**Work order**
Set every entry down again exactly, excluding any pictures.

Source data
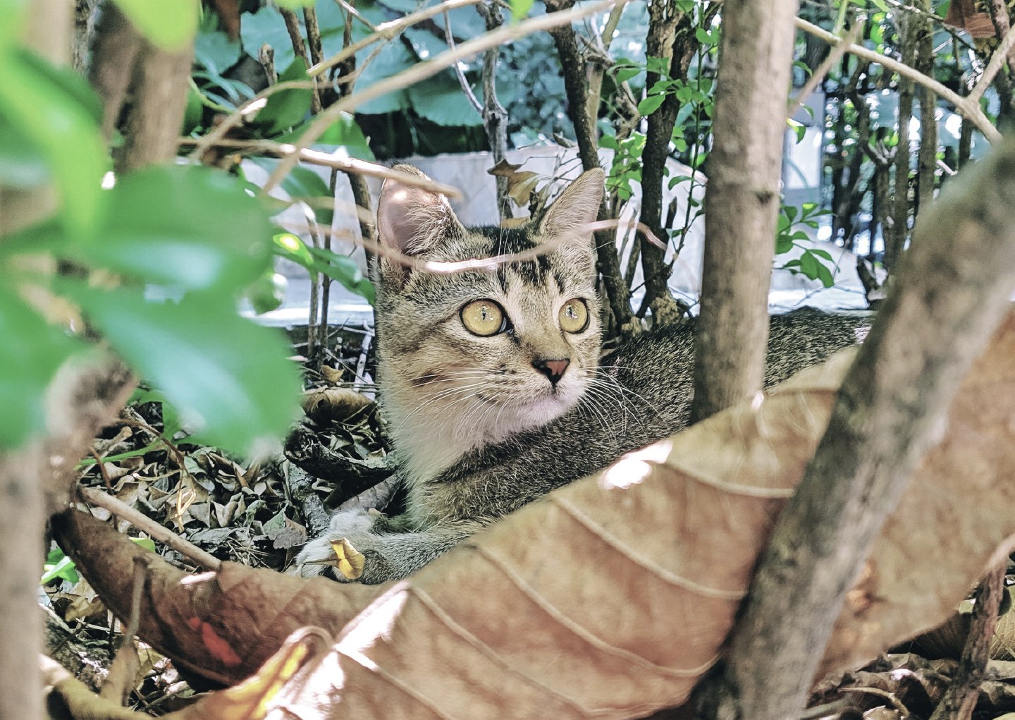 在树旁,慵懒的小猫伸出粉嫩的舌头,开始清理夜晚悄然降临的点点尘土。随后,它捧起了一把阳光,耐心而温柔地将阳光嵌入毛发中。待一切完毕后,它便愉悦地伸展双手,拥抱阳光,阳光也乐得不行,毫不矜持地迅速落入了小猫的怀抱。
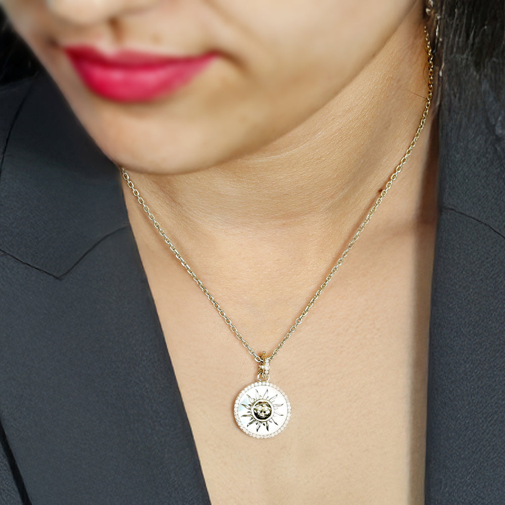 18K Yellow Gold Fancy MOP Pave Diamond Sunlight Pendant
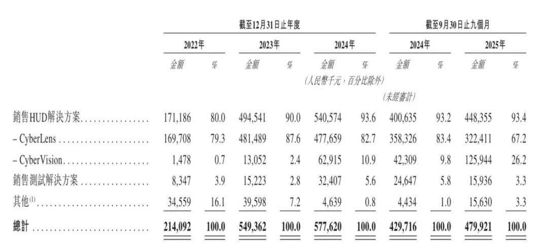 泽景股份的收入结构很简单,几乎全靠HUD产品。2025年前9个月HUD解决方案收入占总收入的93.4%。具体来说:
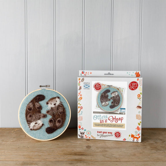 Designed and made in Scotland by The Crafty Kit Company. Your Otters in a Hoop Needle Felting Craft Kit contains: 100% Corriedale wool, wool mix felt fabric, a recycled foam mat, felting needles, bamboo embroidery hoop, needle and thread, full colour instructions.
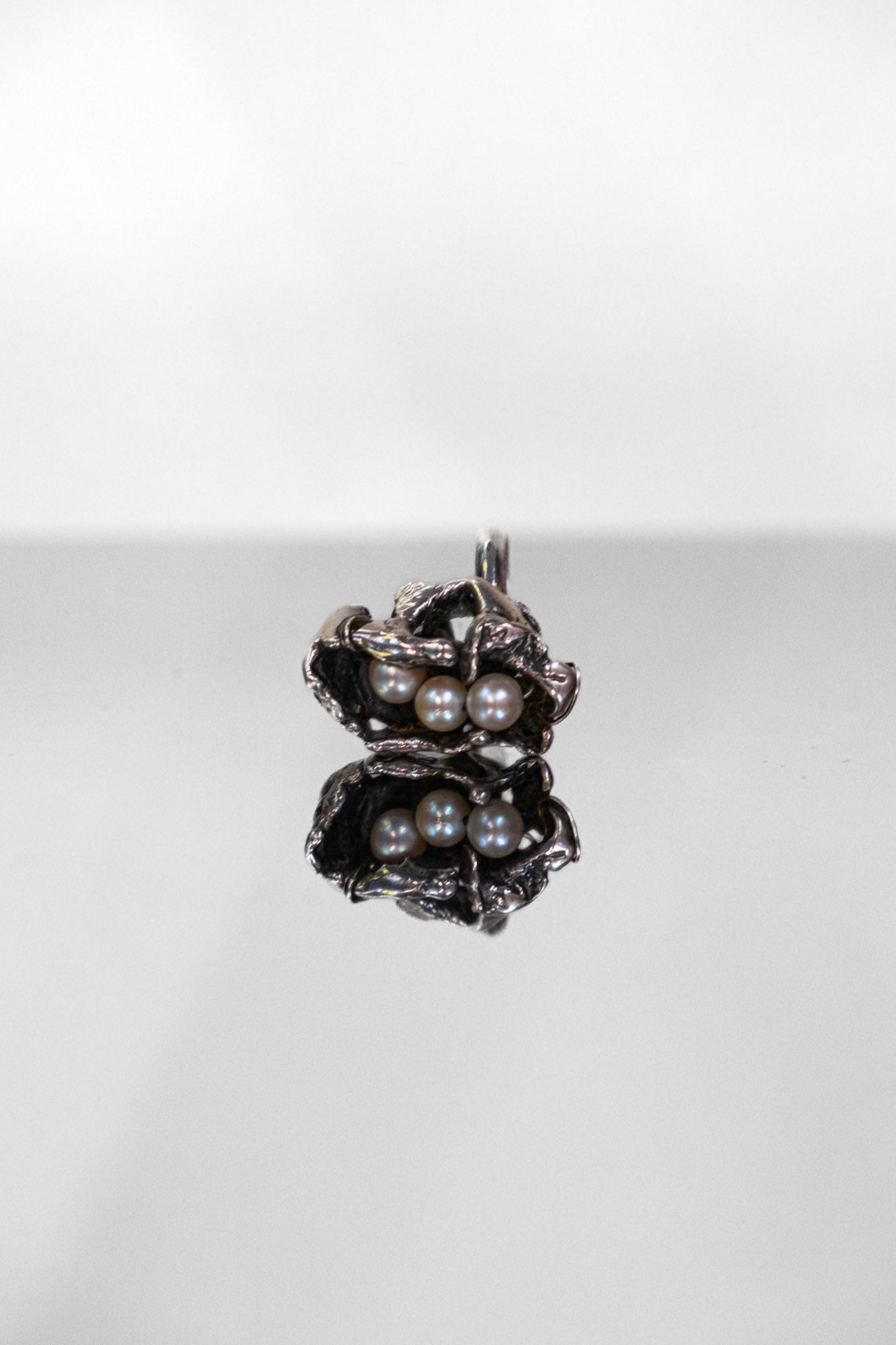 Vintage Sterling Silver Brutalist Double Pearl Ring
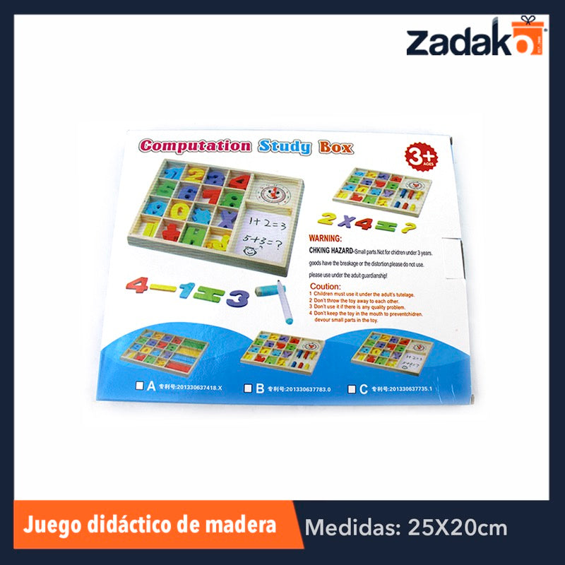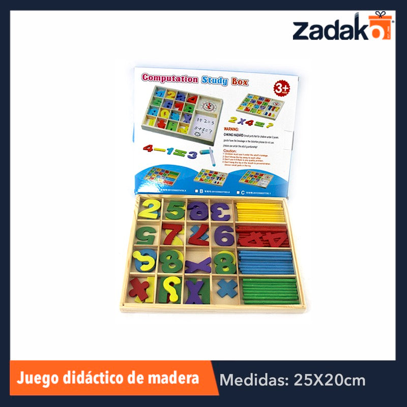 ZJ-0442 CAJA DIDACTICA DE MADERA CON NUMEROS PARA APRENDIZAJE DE MATEMATICAS DE 25X20 CM, CON 1 PZ O CAJA CON 120 PZS
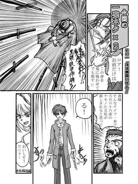 | 「モノのキレやすい線が見えるんです1〜5」は、月姫のみをネタとしたオリジナルの漫画です。…オリジナル、とは言わないか(笑)。コマ割り、ネタ繰り等は私本来の芸風でやってます。 ゲーム中の枝葉末節の事柄をとらまえて、軽くツッ込みを入れたりボケてみたりと言う、得意のお手軽1Pショートショート漫画です。 「今回の一発ネタ×2」は、いつものネタ元複合技。一発目「ほぼ無限の住人S」は、シエル先輩の黒鍵の持ち方が、黄金蟲の発射体制に見えて仕方が無いので、つい(笑)。その後は、1Pにまとめる為の蛇足です。 二発目「秋葉がんばる!」は、最強のお嬢様ならコレだろうと(笑)。ちなみに、元ネタは つづく |
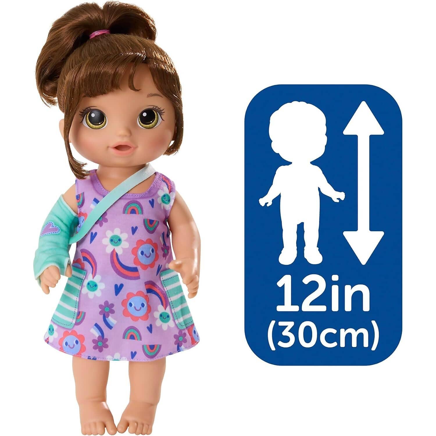 - 12-inch Baby Alive doll with brown hair and hazel eyes
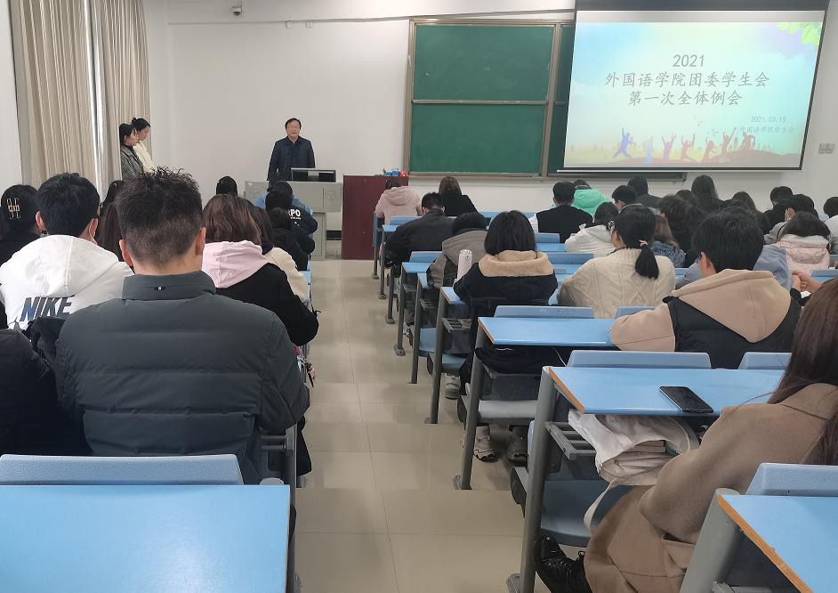 大会在庄严的国歌声中拉开序幕,院党委书记王明栓强调同学们要积极参与党史学习教育,做到“知党史、听党话、跟党走”,在学校迎接本科评估工作中身先示范、主动担当作为,用实际行动献礼建党百年。同时他对同学们提出三点要求:第一,提高素质,增长才干,摆正态度,树立正确的干部观;第二,要统筹安排好学习与工作的关系,将学生活动与专业学习紧密结合,做到两兼顾、两促进、双提高;第三,提升服务意识,做同学们的知心人,增强集体的向心力。
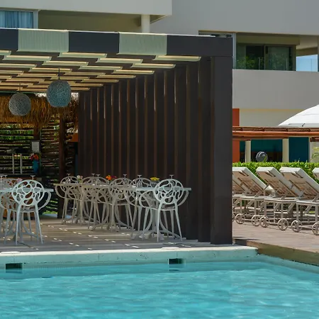 The rooms at Privilege Aluxes Adults Only hotel are allergy-free and fitted with a flat-screen TV with satellite channels as well as a mini fridge bar, tea and coffee-making facilities. Also, they feature tile flooring. Guests can enjoy views of the city.
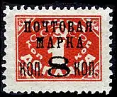 Надпечатка на доплатной марке СССР 1925 года (1927, 8 копеек)
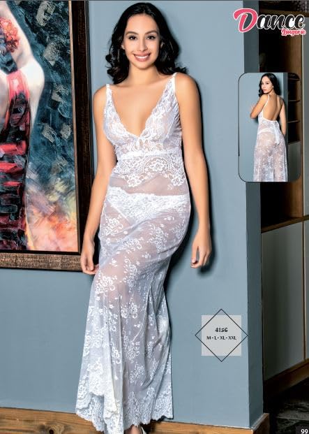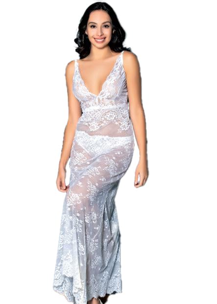 Marti Homewear & Lingerie - Marti Homewear & Lingerie 4156 Elegant Long Lace Nightdress with Deep V-Neck and Matching Panty for a Romantic, Feminine Look For Woman's
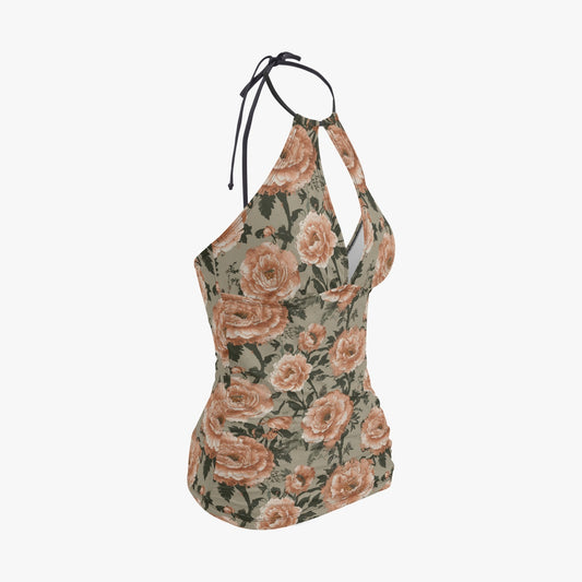 Vampire Art Retro Halter Two-Piece Tankini Swimsuit - Grunge Roses in Olive and Coral
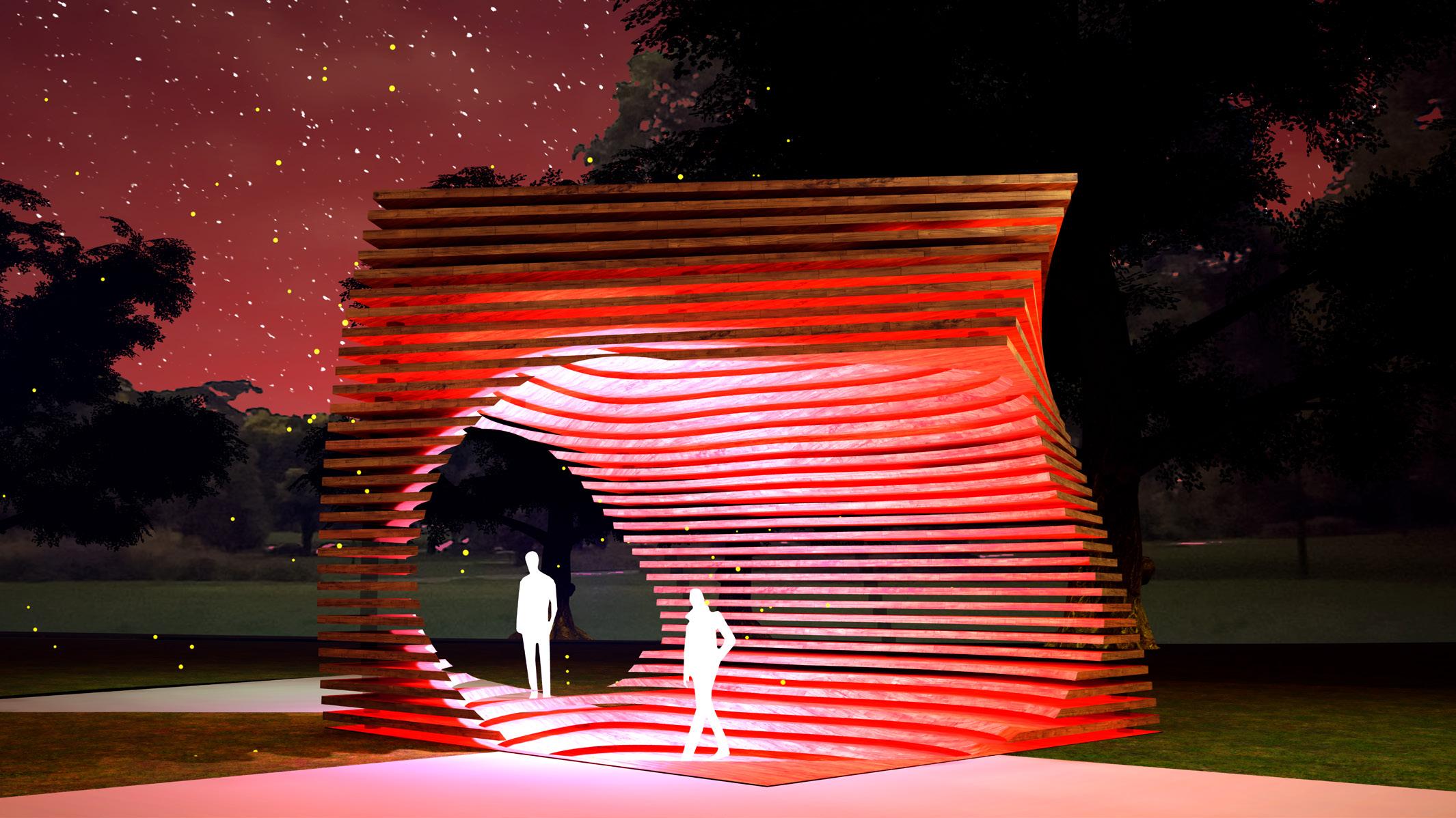 Twisting Contours Pavilion is a proposal for the MPavilion in Victoria Gardens, Melbourne that can accommodate a musical quartet and some audience.The pavlion creates a juxtaposition between a structured art installation that can be viewed from afar and the natural feel that one can sense when inside the pavilion.
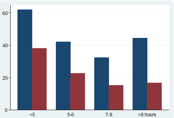 | (図3)平均睡眠時間と燃えつき症候群の割合 | |
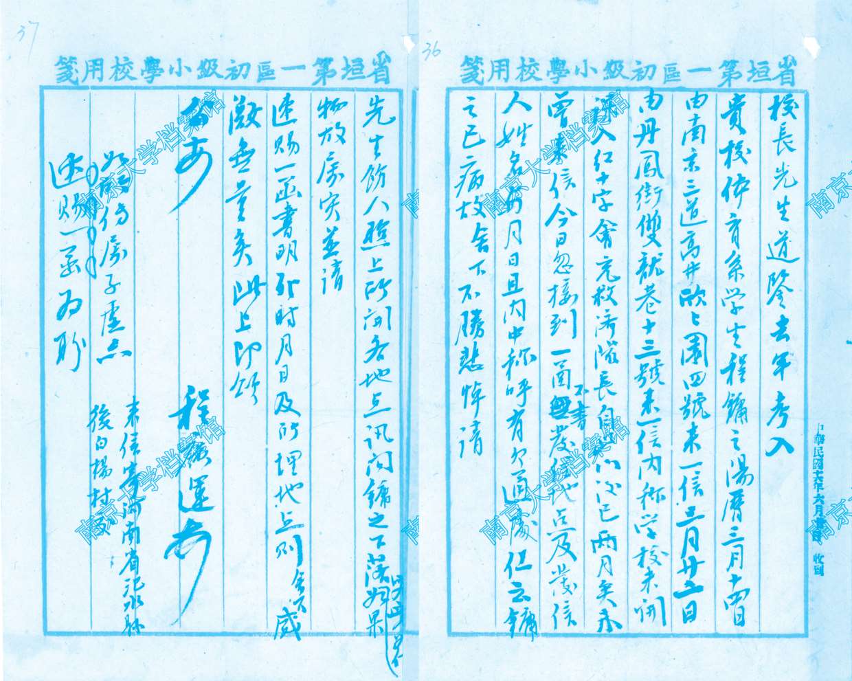 去年考入贵校体育系学生程镛之阳历三月十四日由南京三道高井欣上园4号来一信,三月廿二日由丹凤街双龙巷十三号来信,内称学校未开课,入红十字会充救济队长。自此以后已两月矣未曾来信。今日忽接到一函,不书发信地点及发信人姓名与月日,且内中称呼有欠通处,但云镛之已病故,舍下不胜悲悼,请先生饬人照上所闻各地点问询镛之下落,究竟如何?如果物故属实,并请速赐一函,书明死时月日及所埋地点,则舍下感激无量矣。
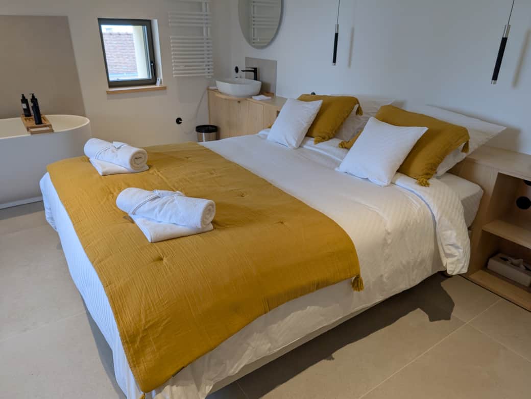 Laissez vous séduire par l’atmosphère paisible de notre chambre "Champs Fleuris", un cocon de tranquillité. Située côté campagne, elle offre une vue dégagée sur les champs environnants, pour un réveil en douceur au cœur de la nature.

**Response**
 在树旁,慵懒的小猫伸出粉嫩的舌头,开始清理夜晚悄然降临的点点尘土。随后,它捧起了一把阳光,耐心而温柔地将阳光嵌入毛发中。待一切完毕后,它便愉悦地伸展双手,拥抱阳光,阳光也乐得不行,毫不矜持地迅速落入了小猫的怀抱。
 18K Yellow Gold Fancy MOP Pave Diamond Sunlight Pendant
 泽景股份的收入结构很简单,几乎全靠HUD产品。2025年前9个月HUD解决方案收入占总收入的93.4%。具体来说:
 Designed and made in Scotland by The Crafty Kit Company. Your Otters in a Hoop Needle Felting Craft Kit contains: 100% Corriedale wool, wool mix felt fabric, a recycled foam mat, felting needles, bamboo embroidery hoop, needle and thread, full colour instructions.
 Vintage Sterling Silver Brutalist Double Pearl Ring
 ZJ-0442 CAJA DIDACTICA DE MADERA CON NUMEROS PARA APRENDIZAJE DE MATEMATICAS DE 25X20 CM, CON 1 PZ O CAJA CON 120 PZS
 | 「モノのキレやすい線が見えるんです1〜5」は、月姫のみをネタとしたオリジナルの漫画です。…オリジナル、とは言わないか(笑)。コマ割り、ネタ繰り等は私本来の芸風でやってます。 ゲーム中の枝葉末節の事柄をとらまえて、軽くツッ込みを入れたりボケてみたりと言う、得意のお手軽1Pショートショート漫画です。 「今回の一発ネタ×2」は、いつものネタ元複合技。一発目「ほぼ無限の住人S」は、シエル先輩の黒鍵の持ち方が、黄金蟲の発射体制に見えて仕方が無いので、つい(笑)。その後は、1Pにまとめる為の蛇足です。 二発目「秋葉がんばる!」は、最強のお嬢様ならコレだろうと(笑)。ちなみに、元ネタは つづく |
 - 12-inch Baby Alive doll with brown hair and hazel eyes
 大会在庄严的国歌声中拉开序幕,院党委书记王明栓强调同学们要积极参与党史学习教育,做到“知党史、听党话、跟党走”,在学校迎接本科评估工作中身先示范、主动担当作为,用实际行动献礼建党百年。同时他对同学们提出三点要求:第一,提高素质,增长才干,摆正态度,树立正确的干部观;第二,要统筹安排好学习与工作的关系,将学生活动与专业学习紧密结合,做到两兼顾、两促进、双提高;第三,提升服务意识,做同学们的知心人,增强集体的向心力。
 The rooms at Privilege Aluxes Adults Only hotel are allergy-free and fitted with a flat-screen TV with satellite channels as well as a mini fridge bar, tea and coffee-making facilities. Also, they feature tile flooring. Guests can enjoy views of the city.
 Надпечатка на доплатной марке СССР 1925 года (1927, 8 копеек)
 Marti Homewear & Lingerie - Marti Homewear & Lingerie 4156 Elegant Long Lace Nightdress with Deep V-Neck and Matching Panty for a Romantic, Feminine Look For Woman's
 Vampire Art Retro Halter Two-Piece Tankini Swimsuit - Grunge Roses in Olive and Coral
 Twisting Contours Pavilion is a proposal for the MPavilion in Victoria Gardens, Melbourne that can accommodate a musical quartet and some audience.The pavlion creates a juxtaposition between a structured art installation that can be viewed from afar and the natural feel that one can sense when inside the pavilion.
 | (図3)平均睡眠時間と燃えつき症候群の割合 | |
 去年考入贵校体育系学生程镛之阳历三月十四日由南京三道高井欣上园4号来一信,三月廿二日由丹凤街双龙巷十三号来信,内称学校未开课,入红十字会充救济队长。自此以后已两月矣未曾来信。今日忽接到一函,不书发信地点及发信人姓名与月日,且内中称呼有欠通处,但云镛之已病故,舍下不胜悲悼,请先生饬人照上所闻各地点问询镛之下落,究竟如何?如果物故属实,并请速赐一函,书明死时月日及所埋地点,则舍下感激无量矣。
 Laissez vous séduire par l’atmosphère paisible de notre chambre "Champs Fleuris", un cocon de tranquillité. Située côté campagne, elle offre une vue dégagée sur les champs environnants, pour un réveil en douceur au cœur de la nature.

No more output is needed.